*Activity*:
Leave out the pictures and retype all the entries below exactly.

*Information given*:
════════════════════
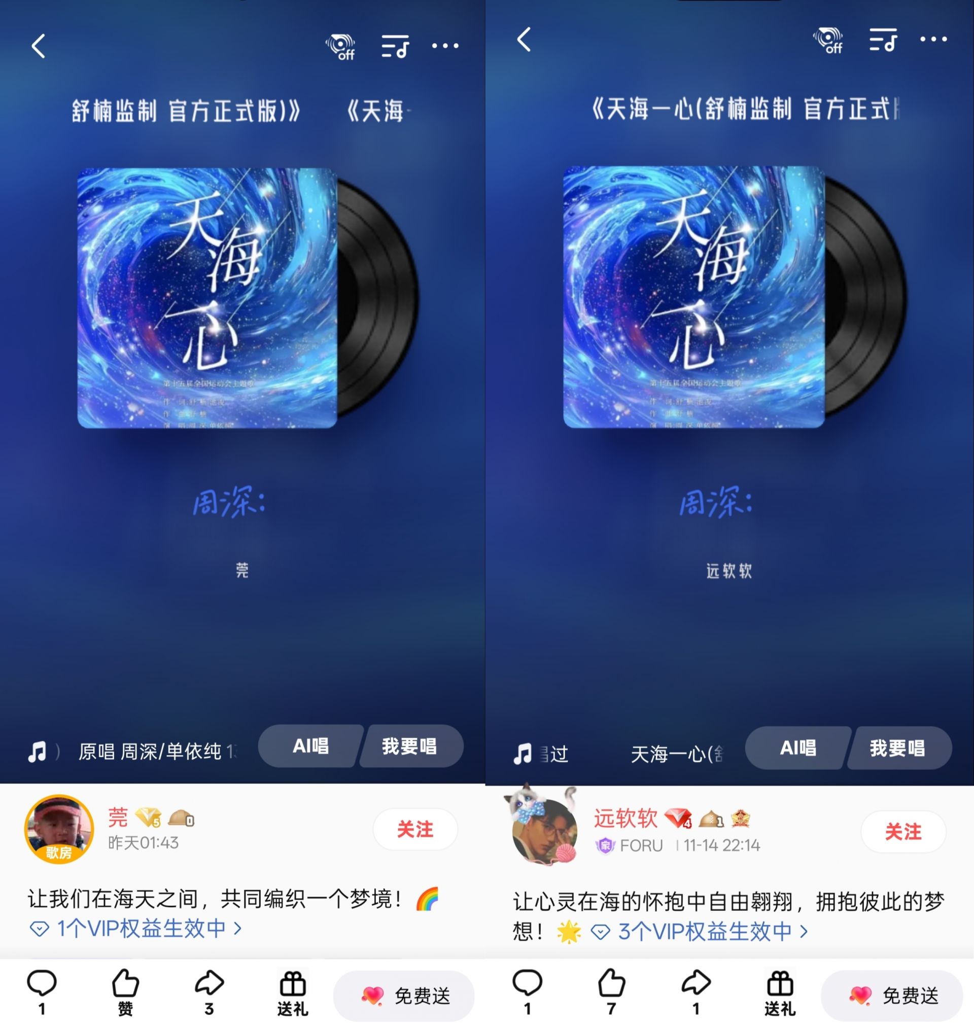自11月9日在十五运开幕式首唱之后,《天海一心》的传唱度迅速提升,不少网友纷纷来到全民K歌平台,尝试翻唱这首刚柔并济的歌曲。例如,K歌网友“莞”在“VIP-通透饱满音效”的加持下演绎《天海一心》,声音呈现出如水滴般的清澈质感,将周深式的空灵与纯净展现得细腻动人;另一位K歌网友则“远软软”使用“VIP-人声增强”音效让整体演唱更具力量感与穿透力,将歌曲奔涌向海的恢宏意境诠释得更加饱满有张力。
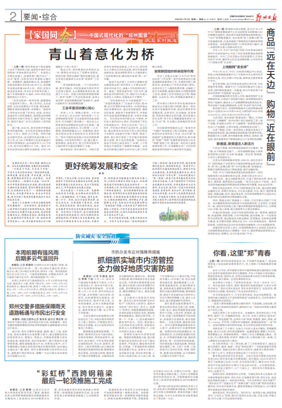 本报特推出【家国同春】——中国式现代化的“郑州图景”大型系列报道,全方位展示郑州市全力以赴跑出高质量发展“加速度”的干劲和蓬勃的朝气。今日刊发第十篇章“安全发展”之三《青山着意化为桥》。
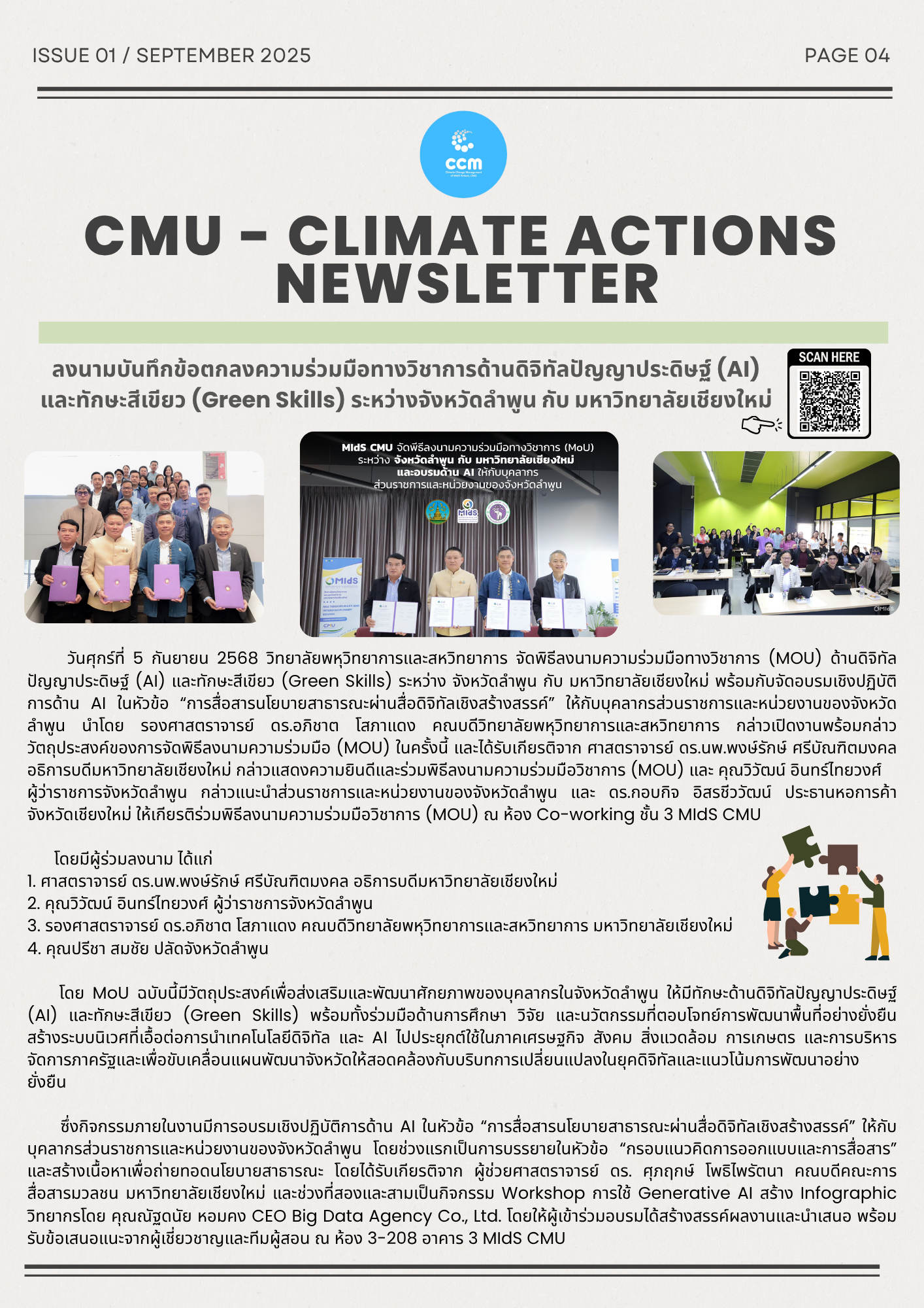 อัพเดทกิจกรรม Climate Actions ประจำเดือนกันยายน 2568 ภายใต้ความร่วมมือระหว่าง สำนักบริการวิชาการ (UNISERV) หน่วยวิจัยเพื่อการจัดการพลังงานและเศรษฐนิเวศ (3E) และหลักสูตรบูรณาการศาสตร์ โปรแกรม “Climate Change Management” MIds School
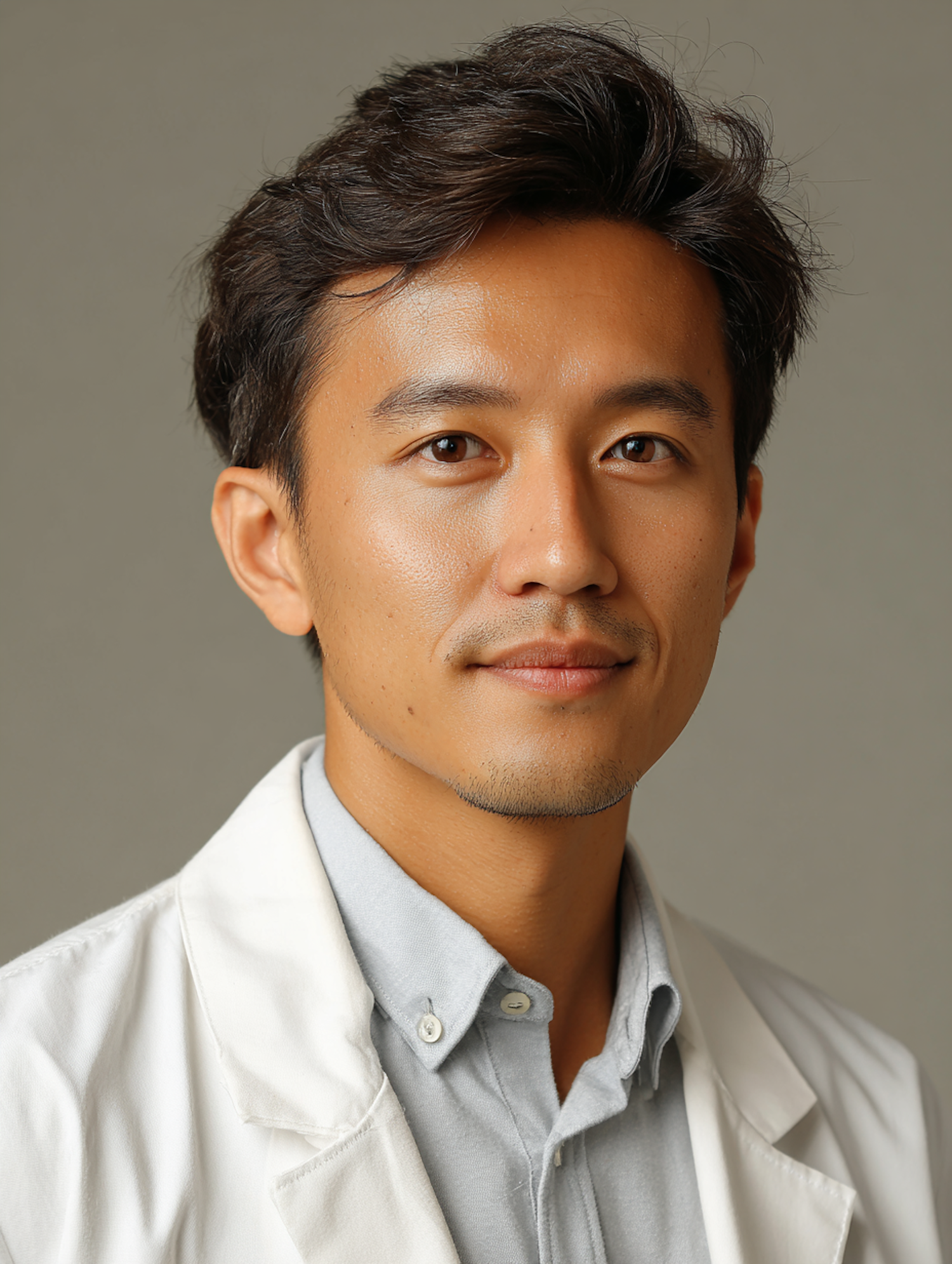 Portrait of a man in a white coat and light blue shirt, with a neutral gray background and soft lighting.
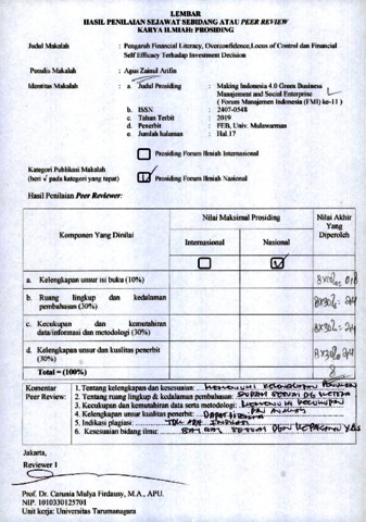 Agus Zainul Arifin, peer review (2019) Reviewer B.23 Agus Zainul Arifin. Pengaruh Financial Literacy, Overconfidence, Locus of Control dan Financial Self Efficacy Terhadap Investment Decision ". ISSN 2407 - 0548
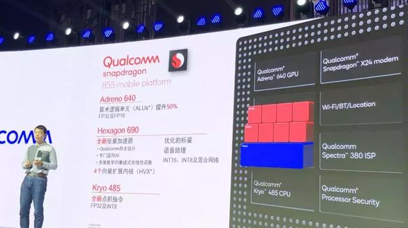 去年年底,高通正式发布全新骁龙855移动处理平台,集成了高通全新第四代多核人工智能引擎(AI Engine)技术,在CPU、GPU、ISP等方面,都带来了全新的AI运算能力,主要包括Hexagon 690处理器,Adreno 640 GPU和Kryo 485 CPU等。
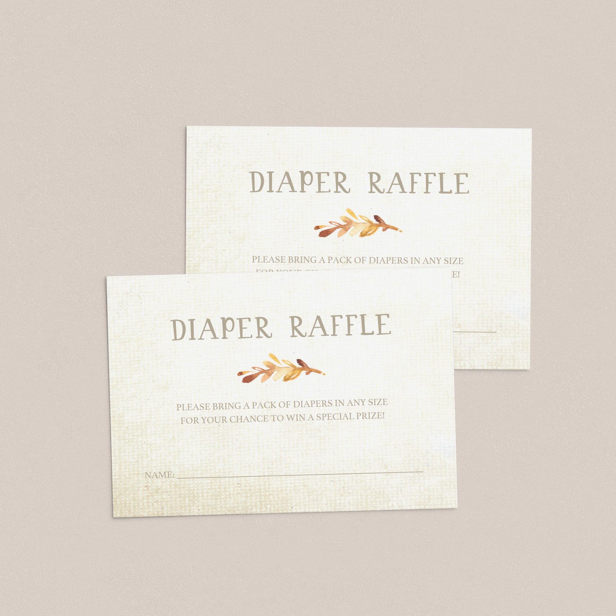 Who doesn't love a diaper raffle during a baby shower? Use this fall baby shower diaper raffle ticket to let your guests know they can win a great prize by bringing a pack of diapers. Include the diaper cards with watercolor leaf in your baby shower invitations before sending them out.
════════════════════
*Result of this exercise*:
自11月9日在十五运开幕式首唱之后,《天海一心》的传唱度迅速提升,不少网友纷纷来到全民K歌平台,尝试翻唱这首刚柔并济的歌曲。例如,K歌网友“莞”在“VIP-通透饱满音效”的加持下演绎《天海一心》,声音呈现出如水滴般的清澈质感,将周深式的空灵与纯净展现得细腻动人;另一位K歌网友则“远软软”使用“VIP-人声增强”音效让整体演唱更具力量感与穿透力,将歌曲奔涌向海的恢宏意境诠释得更加饱满有张力。
 本报特推出【家国同春】——中国式现代化的“郑州图景”大型系列报道,全方位展示郑州市全力以赴跑出高质量发展“加速度”的干劲和蓬勃的朝气。今日刊发第十篇章“安全发展”之三《青山着意化为桥》。
 อัพเดทกิจกรรม Climate Actions ประจำเดือนกันยายน 2568 ภายใต้ความร่วมมือระหว่าง สำนักบริการวิชาการ (UNISERV) หน่วยวิจัยเพื่อการจัดการพลังงานและเศรษฐนิเวศ (3E) และหลักสูตรบูรณาการศาสตร์ โปรแกรม “Climate Change Management” MIds School
 Portrait of a man in a white coat and light blue shirt, with a neutral gray background and soft lighting.
 Agus Zainul Arifin, peer review (2019) Reviewer B.23 Agus Zainul Arifin. Pengaruh Financial Literacy, Overconfidence, Locus of Control dan Financial Self Efficacy Terhadap Investment Decision ". ISSN 2407 - 0548
 去年年底,高通正式发布全新骁龙855移动处理平台,集成了高通全新第四代多核人工智能引擎(AI Engine)技术,在CPU、GPU、ISP等方面,都带来了全新的AI运算能力,主要包括Hexagon 690处理器,Adreno 640 GPU和Kryo 485 CPU等。
 Who doesn't love a diaper raffle during a baby shower? Use this fall baby shower diaper raffle ticket to let your guests know they can win a great prize by bringing a pack of diapers. Include the diaper cards with watercolor leaf in your baby shower invitations before sending them out.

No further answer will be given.